TO THE EDITOR:
I’m not convinced of the sincerity in Chancellor Carol Fort’s apology for slavery and the use of slaves to help build the university. I sense a betrayal coming in the form of an attempt to remount the statue of Silent Sam on campus. Sam may remain silent in a static position, but believe me when I say that opponents of this vile display representing a murderous, onerous and despicable time in American history will not be silent and won’t stand idly by.

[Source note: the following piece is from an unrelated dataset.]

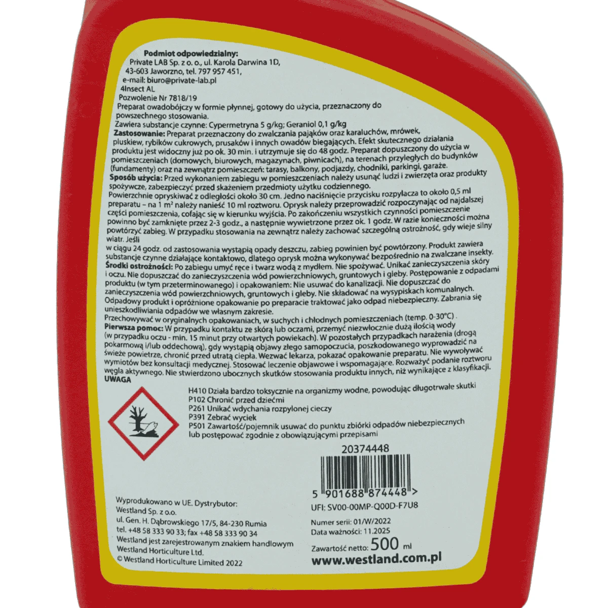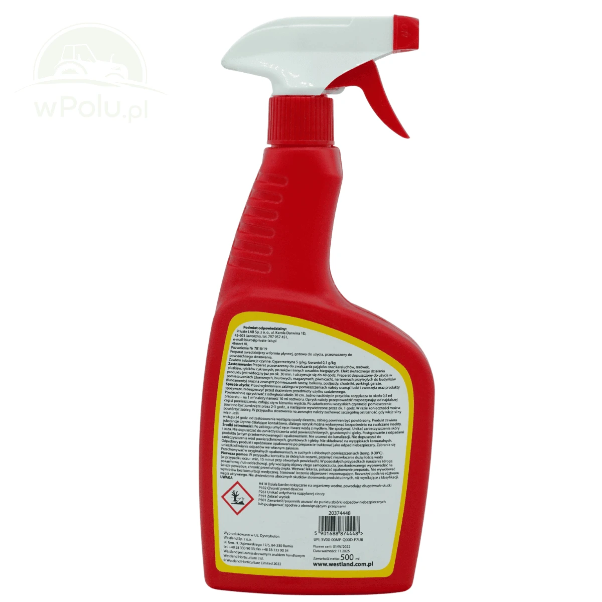 Resolva RTU marki Westland to gotowy do użycia spray przeznaczony do zwalczania owadów biegających takich jak mrówki, pająki, karaluchy, prusaki, pluskwy oraz rybiki cukrowe. Skutecznie działa w pomieszczeniach oraz na zewnątrz, eliminując szkodniki w domu, na balkonie, tarasie, w garażu czy ogrodzie.

We cannot continue to go back in our mind to those times each time we see or think of this horrific symbol on our campus whose students and graduates comprise a cross section of American society and not solely the descendants of Confederate soldiers and slave owners. There are thousands who are descendants of the raped, lynched, tortured, abused, over worked, emasculated, marginalized, disenfranchised and those sold as chattel who attend, or who have attended this great university.
We must look forward to a future that is pluralistic, diverse, fair and equitable. Not looking back through the silent but deadly gaze of a statue that immortalizes and celebrates this horrendous history of slavery and the fight for its continuation.
If statues like Silent Sam are to remain on public property, it must be equitably joined by statues, not plaques, depicting the horrors of slavery, lynchings, the break up of families at the auction block, sadistic and systematic rape of slave women and men, and laws codified to belittle and marginalize the descendants of the slaves.